### Record excerpts ###

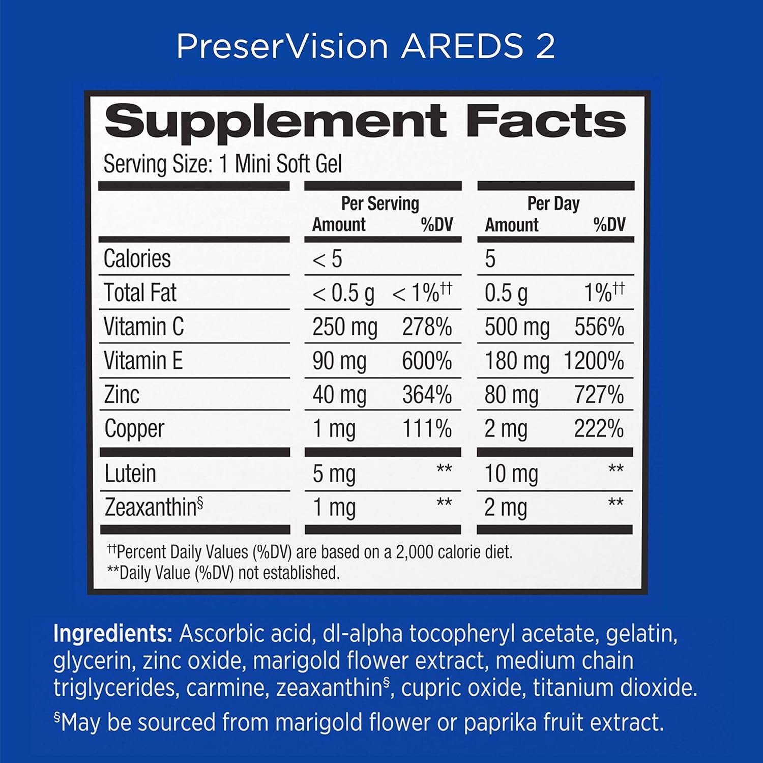 PRESERVISION AREDS 2 S: This formula uses Lutein and Zeaxanthin, zinc, copper, Vitamin C and Vitamin E to exactly match the nutrient formula recommended by the AMD experts at the National Eye Institute based on the Age Related Eye Disease Study 2.
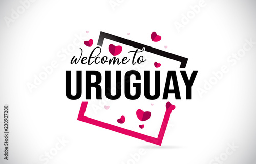 Uruguay Welcome To Word Text with Handwritten Font and Red Hearts Square.
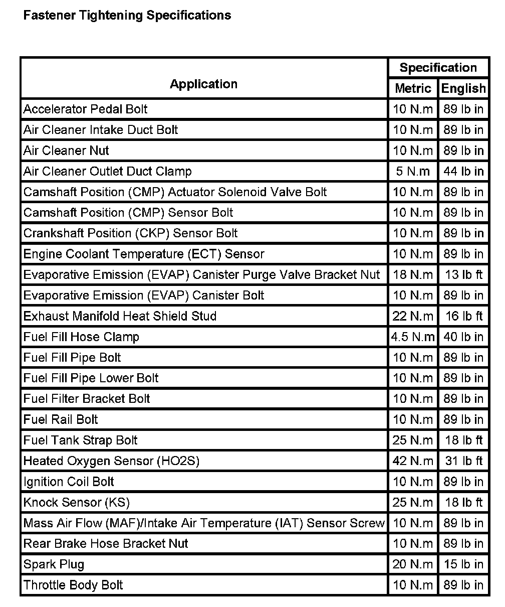 Fastener Tightening Specifications:
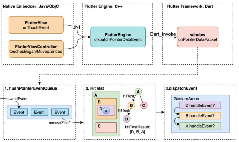 Flutter 框架层,并完成事件的消费、分发和逻辑处理。同样,整个流程的大部分工作已经由 Flutter
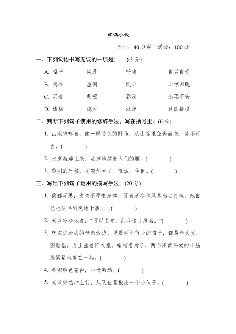 当前位置: 首页小学资源小学六年级正文 六年级语文上册“阅读小说”主题突破卷(部编版)_共7页 小学六年级 6 天前 0 0 5 以上为部分内容预览,如需源文档请登录您的会员账号进行下载! 声明:本站所有文章,如无特殊说明或标注,均为本站原创发布。任何个人或组织,在未征得本站同意时,禁止复制、盗用、采集、发布本站内容到任何网站、书籍等各类媒体平台。如若本站内容侵犯了原著者的合法权益,可联系我们进行处理。 尚学资源永久会员 打赏 收藏 海报 链接
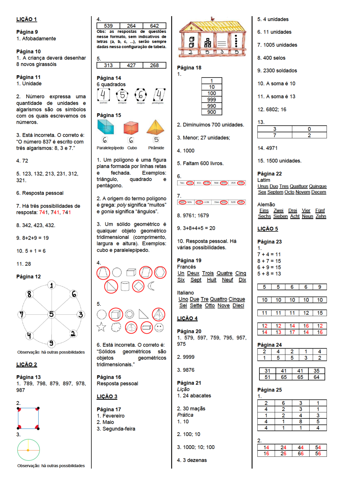 3. 32 57 54 78 Página 26 4. 38 57 74 86 5. 6. LIÇÃO 6 Página 27 1. 54 61 64 82 6+4+8+2 = 9+3+1+7 = 10+10 = 10+10 = 20 20 Página 28 1. a) parcelas; soma b) fatores; produto 3. 20 Página 29 9 9 7 7 6 6 9 10 10 10 10 11 12 12 14 11 13 18 16 13 Página 30 1. Propriedade comutativa da adição Propriedade comutativa da multiplicação 2. Resposta pessoal 3. 13 18 16 21 19 19 21 20 17 19 15 15 4. 20 30 20 30 Página 31 5. 40 40 70 80 70 80 80 60 6. 2 + 4 = 6 4 + 2 = 6 parcelas; soma comutativa da adição 7. 41 20 10 60 40 80 70 90 LIÇÃO 7 Página 32 1. 60 30 40 80 Página 33 35 27 28 36 29 Página 34 1. Obs.: a pintura do restante da estrela é pessoal. 2. 30 30 30 Página 35 1. 35 29 28 26 29 35 30 32 30 31 30 30 29 33 36 Página 36 109 108 LIÇÃO 8 Página 37 1. 34 27 36 Página 38 1. 446 775 779 889 2. 675 595 783 731 Página 39 A) 20 B) 30 C) 15 D) 22 E) 20 F) 38 Página 40 3. 280 162 484 618 4. 373 428 557 618 5. LIÇÃO 9 Página 41 1. 5 1 2 6 5 2 1 3 3 8 Página 42 1. 271 235 332 455 2. 330 431 610 702 Página 43 10 15 12 14 11 13 11 13 13 13 14 16 10 12 13 12 16 18 11 13 Página 44 3. 636 810 922 758 400 600 610 820 631 687 444 940 593 591 449 907 Prática extra 585 910 982 823 901 1689 1218 1321 LIÇÃO 10 Página 45 1. 3 4 1 5 6 1 1 8 4 7 Página 46 1. 4 2 2 5 1 2 2 5 1 1 3 4 8 7 1 2. 1111 1222 1333 1444 Página 47 3. 363 284 490 591 4. 622 552 420 643 5. 1621 1556 1756 1776 1 reagrupamento 2 reagrupamentos 3 reagrupamentos Prática extra 1482 6792 7992 1832 2602 1892 9262 1292 Página 48 13 17 9 16 14 12 15 13 13 16 17 14 15 14 17 11 12 14 18 11 LIÇÃO 11 Página 49 1. 15 – 6 = 9 15 – 7 = 8 15 – 8 = 7 15 – 9 = 6 Nível 1 7 4 3 2 4 Nível 2 6 9 8 9 6 Nível 2 9 6 6 5 7 6 8 4 7 9 Página 50 1. a) 8 b) 9 c) 31 – 15 = 16 d) 100 – 30 = 70 2. 4 6 8 10 12 14 16 18 3. 5 7 9 11 13 15 17 19 4. 2 3 4 5 6 7 8 9 5. 1 2 3 4 5 6 7 8 6. Em ambos os exercícios, os resultados vão aumentando de 2 em 2. Há também o padrão de conjunto: 3, 4, 5, 6, 7, 8, 9. No exercício 2, o resultado das adições é o dobro de cada uma das parcelas, e todos são números pares. No exercício 3, o resultado das adições são todos números ímpares. Página 51 7. 13 6 9 7 7 6 4 9 6 3 7 8 4 9 5 7 5 5 8 6 6 6 8 4 7 8 5 9 8. 7 8 9 6 9. 10 12 11 12 10. 7 16 8 14 8 13 Página 52 2 2 3 2 5 1 9 4 5 1 1 3 1 6 0 5 5 10 3 7 LIÇÃO 12 Página 53 1. 16 – 9 = 7 15 – 9 = 6 14 – 9 = 5 13 – 9 = 4 Página 54 1. 7 6 9 8 5 8 7 5 9 6 9 8 7 5 7 2. 14 – 6 = 8 → 6 para 10, 4 10 para 14, 4 4 + 4 = 8 13 – 7 = 6 → 7 para 10, 3 10 para 13, 3 3 + 3 = 6 Página 55 3. a) 9 b) 5 c) 7 d) 8 e) 6 f) 9 g) 6 h) 8 i) 7 j) 5 k) 7 l) 5 m) 9 n) 8 o) 9 4. 26 – 12 = 14 5. 15 – 7 8 6. 7 7 8 8 7. 13 14 12 11 8. 3 5 5 5 Página 56 1. 2. Resposta pessoal 3. Página 57 5 9 6 8 6 7 1 6 3 5 7 7 4 6 6 7 2 5 4 7 LIÇÃO 13 Página 58 1. 9 7 5 8 Página 59 2. 17 26 39 48 75 Página 60 1. a) 8 b) 16 c) 5 d) 32 e) 34 – 27 34 – 27 = 7 7 2. 315 3. 143 4. 665 5. 450 6. 0 7. 38 44 23 86 65 26 37 48 59 64 119 206 323 439 528 86 217 308 409 515 Página 61 2 3 2 4 5 4 4 5 8 7 3 7 2 3 7 11 8 10 9 9 Página 62 1. 8000 → 7800 → 7780 ↓ 5677 ← 5777 ← 7777 ↓ 5557 → 5555 → 4000 ↓ 3333 ← 3340 ← 3400 LIÇÃO 14 Página 63 1. 17 28 38 77 Página 64 1. 6 9 7 4 7 7 7 5 8 5 9 9 8 6 9 6 8 8 2. 226 318 457 309 215 Página 65 3. 4. 261 171 283 390 142 316 422 172 231 173 Página 66 A) 27 B) 33 C) 43 D) 19 E) 38 F) 27 LIÇÃO 15 Página 67 1. 8 8 8 9 7 9 3 5 5 5 9 7 2556 2536 2236 1236 Página 68 1. a) 3156; 600 unidades b) 2412; 50 unidades c) Decompomos 1 centena em 10 dezenas, ficando com 13 dezenas: 13 dezenas menos 4 dezenas é igual a 9 dezenas. 2. 1226 2318 1457 5309 4215 3332 6131 6102 4417 7108 6281 9205 7628 9305 4319 7818 7279 3205 9313 1224 Página 69 1. 9 6 3 8 8 9 6 4 9 7 9 8 6 9 5 2. 108 105 118 103 109 118 103 116 124 117 96 76 74 74 84 89 83 65 98 101 92 190 250 300 0 LIÇÃO 16 Página 70 1. 6 2 5 3 2 5 3 6 1 3 60 100 200 Página 71 1. 20 +2 80 +3 10 -1 40 -3 20 +1 90 -1 30 -2 80 -2 40 -2 60 +2 50 +1 40 +3 20 -1 60 -1 2. 70 60 → 70 90 70 → 90 50 30 → 50 70 40 → 70 70 50 → 70 50 40 → 50 150 +1 130 → 150 150 131 140 → 150 Página 72 A) 242 B) 681 C) 393 D) 365 E) 307 F) 881 LIÇÃO 17 Página 73 1. 70 70 150 58 56 → 58 Página 74 1. 37 33 → 37 70 66 → 70 59 54 → 59 69 66 → 69 75 74 → 75 146 144 → 146 166 132+30 162 → 166 187 141 181 +6 187 177 153+20 173 +4 177 2. 52 3. 104 4. 1145 5. 5337 6. 70 30 60 90 70 80 190 190 150 Página 75 LIÇÃO 18 Página 76 Estratégia1 80 70 → 80 100 80 → 100 Estratégia 2 99 95 → 99 95 94 → 95 1. 80 70 150 190 2. 87 78 176 178 3. Estratégia 1 200 Estratégia 2 267 Estratégia 2 196 Estratégia 1 250 Página 77 4. LIÇÃO 19 Página 78 1. 236 154 401 43 45 → 43 Página 79 1. 20 -1 10 -1 30 -2 40 -4 50 -2 70 -3 2. 23 24 → 23 37 39 → 37 35 38 → 35 71 94 74 -3 71 66 97-30 67 → 66 141 177-30 147 -6 141 3. Página 80 1. 2 7 5 4 2. 24 27 → 24 33 38 → 33 32 33 → 32 71 99 79 -8 71 63 97-30 67 → 63 130 178-40 138 -8 130 3. LIÇÃO 20 Página 81 112 39 249 44 +40 100 +4 104 Página 82 1. 100 + 1 100 + 2 200 + 3 400 + 5 300 + 3 2. 65 +60 100 +5 105 77 +70 100 +7 107 28 +20 100 +8 108 22 +12 100 +10 110 31 11 100 +20 120 Página 83 1. LIÇÃO 21 Página 84 Estratégia 1 63 65 → 63 114 119 → 114 Estratégia 2 48 +8 40 +40 80 37 +25 100 +12 112 1. 67 13 142 130 2. 10 20 35 50 3. Estratégia 2 58 Estratégia 1 40 Estratégia 2 28 Estratégia 1 112 Página 85 4. LIÇÃO 22 Página 86 1. 5284 3023 14617 2. 217 1077 1823 3. 8ª linha, 11ª coluna Página 87 A) 885 B) 580 C) 847 D) 916 E) 915 F) 838 Página 88 1) 1 2 2) 1 4 3) Daniel comeu 1 4 e Ágatha comeu 1 8 Página 90 1. i) numerador; denominador; um meio ii) numerador; denominador; dois terços iii) numerador; denominador; três sétimos iv) numerador; denominador; oito nonos 2. 1 4 3 4 4 4 Obs: há outras formas de divisão e de pintura. 3. 3 4 3 6 4 10 Página 91 1. i) 2 
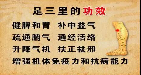 足三里(膝眼直下3寸处)是“足阳明胃经”的主要穴位之一,每日按揉50~100次,能健脾和胃、调中理气、导滞通络,适用于各种类型的脾胃病变。
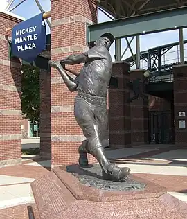 Media related to Statue of Mickey Mantle (Oklahoma City) at Wikimedia Commons- Mickey Mantle Statue #2 at Roadside America
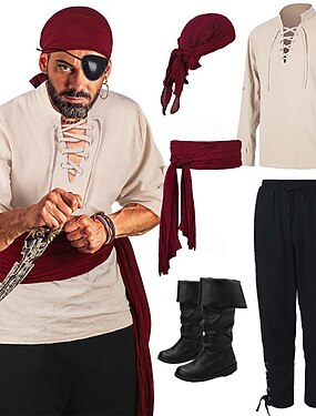 Retrò Vintage Punk & Gotico Medievale Camicia Manica del polsino svasato Principe Cavaliere Gentiluomo Straniero Nobile Ricamato Con Volant Tinta unica Costume Per uomo Costumi da pirata Fantasia
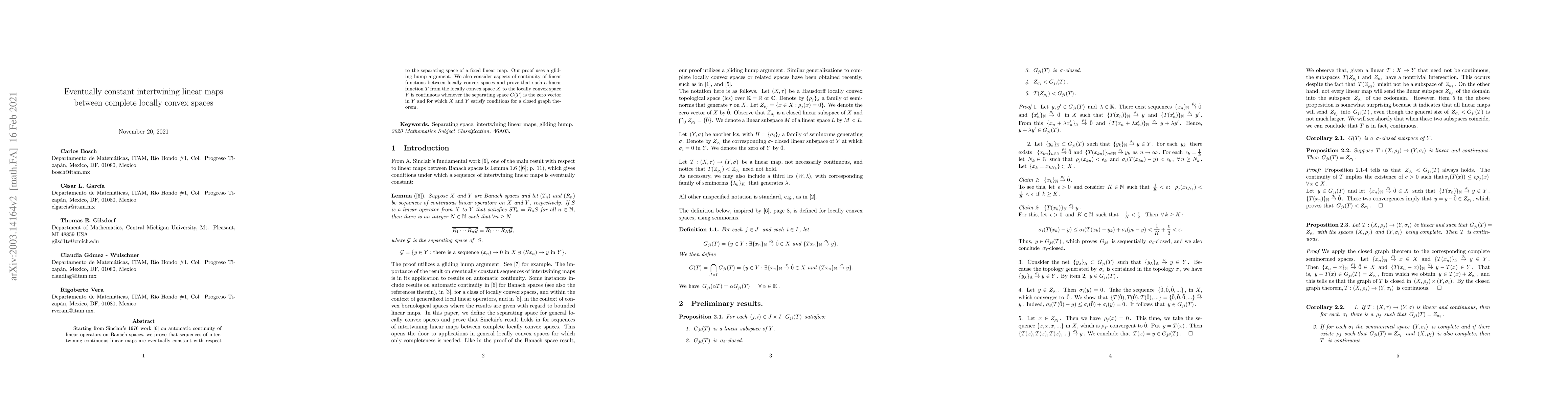 Starting from Sinclair's 1976 work {\it Automatic Continuity of Linear Operators}, Cambridge University Press, (1976), on automatic continuity of linear operators on Banach spaces, we prove that sequences of intertwining continuous linear maps are eventually constant with respect to the separating space of a fixed linear map. Our proof uses a gliding hump argument. We also consider aspects of continuity of linear functions between locally convex spaces and prove that such that a linear function $T$ from the locally convex space $X$ to the locally convex space $Y$ is continuous whenever the separating space $G(T)$ is the zero vector in $Y$ and for which $X$ and $Y$ satisfy conditions for a closed graph theorem.
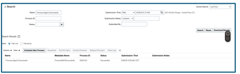Execute the ESS process “Process Agent Documents” [no parameter required].
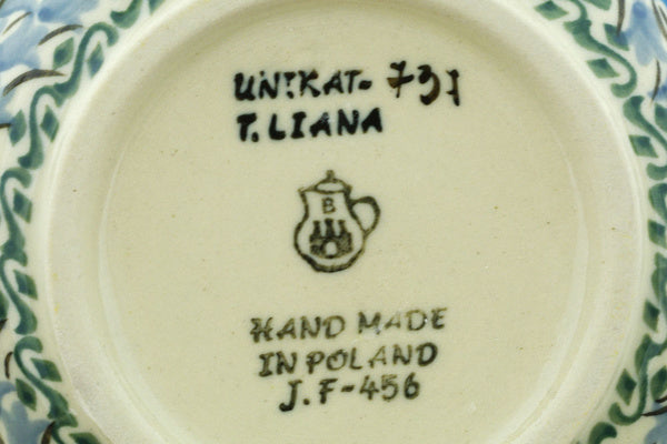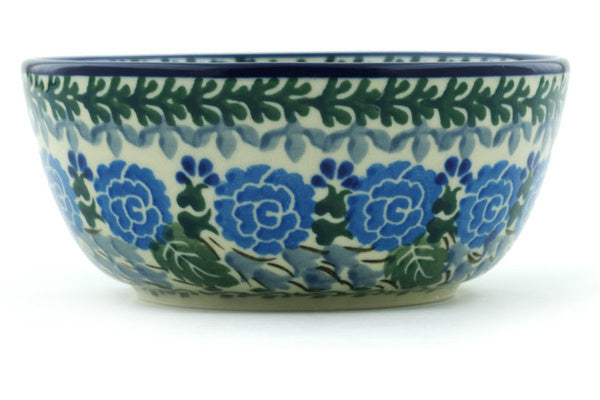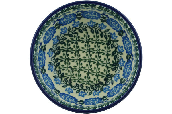 This Blue Rose Trellis 5" Bowl was handmade and hand decorated in Boleslawiec, Poland by skilled artisans according to old traditional methods. This is a Polish pottery Signature Unikat, which means that it has been hand painted with both sponges and brushes and it is signed by the artist who painted it. Unikat pieces are the most intricate works of art. Larger Unikat items take hours of very careful work to finish. This Polish stoneware is microwave, dishwasher, freezer, and oven safe up to 480°F. It does not contain lead or cadmium. It is part of the Blue Rose Trellis Collection.
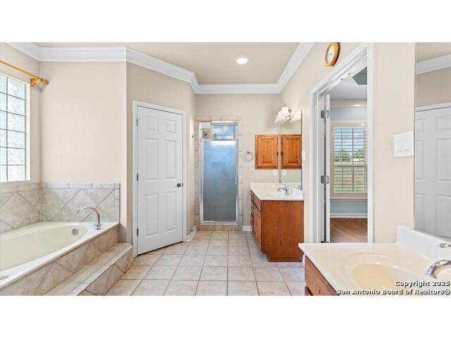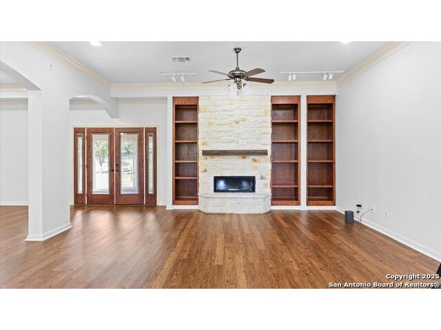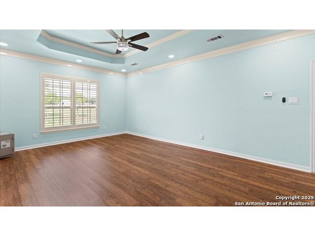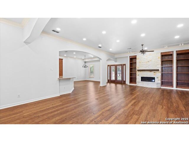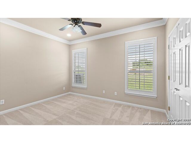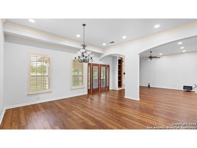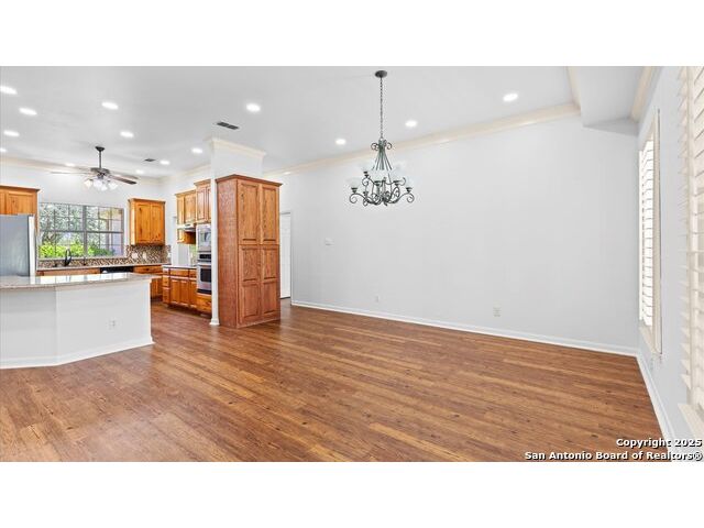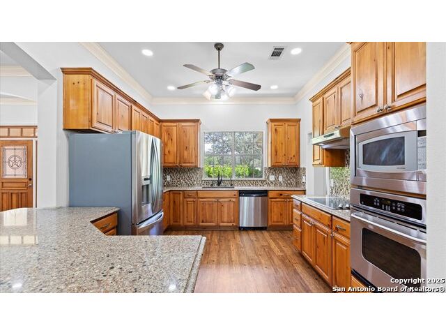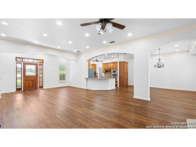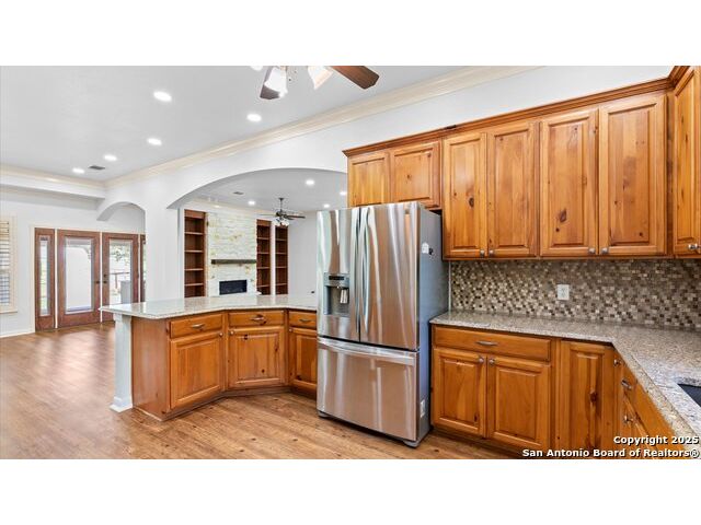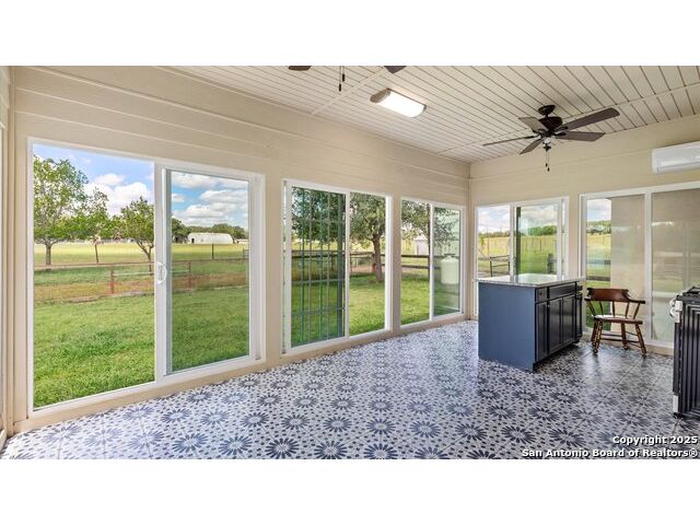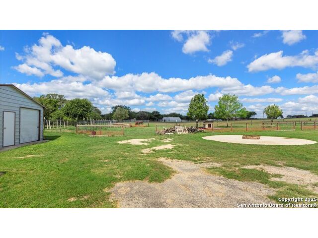 Nestled in the tranquil Texas Hill Country, 24935 Pecan Creek Lane presents a rare opportunity to own a luxurious 5-acre mini-ranch just minutes from San Antonio's premier dining, shopping, and entertainment destinations. A long, gated private driveway welcomes you home, flanked by classic white farm fencing and open views of lush green pastures dotted with mature oak trees. The meticulously maintained single-story home blends comfort and craftsmanship with hardwood floors, custom wood accents, and a flowing open floor plan. The kitchen features granite countertops, stainless steel appliances, and a breakfast bar, ideal for entertaining or everyday living. Additional highlights include a fully enclosed patio, a climate-controlled bonus room above the garage, and an enclosed two-car garage. Equestrian and agricultural amenities abound, including a two-stall horse barn with extension, a 32' x 12' tack/feed barn with electricity, a 26' x 21' metal building, and an enclosed chicken coop. Recent improvements include a new well pump with a 2,500-gallon holding tank, a 10' x 13' storage shed, and extensive concrete work throughout the property. Backing up to a 60-acre horse ranch, this peaceful retreat offers exceptional privacy and sweeping countryside views-perfect for equestrian enthusiasts or those seeking a serene, rural lifestyle with city conveniences just a short drive away.

###

Problem to solve
Copy everything above from the line holding "Media related to" down to the line holding "Execute the ESS", both ends included, exactly as it stands and without the pictures.

The answer
 Media related to Statue of Mickey Mantle (Oklahoma City) at Wikimedia Commons- Mickey Mantle Statue #2 at Roadside America
 Retrò Vintage Punk & Gotico Medievale Camicia Manica del polsino svasato Principe Cavaliere Gentiluomo Straniero Nobile Ricamato Con Volant Tinta unica Costume Per uomo Costumi da pirata Fantasia
 Starting from Sinclair's 1976 work {\it Automatic Continuity of Linear Operators}, Cambridge University Press, (1976), on automatic continuity of linear operators on Banach spaces, we prove that sequences of intertwining continuous linear maps are eventually constant with respect to the separating space of a fixed linear map. Our proof uses a gliding hump argument. We also consider aspects of continuity of linear functions between locally convex spaces and prove that such that a linear function $T$ from the locally convex space $X$ to the locally convex space $Y$ is continuous whenever the separating space $G(T)$ is the zero vector in $Y$ and for which $X$ and $Y$ satisfy conditions for a closed graph theorem.
Execute the ESS process “Process Agent Documents” [no parameter required].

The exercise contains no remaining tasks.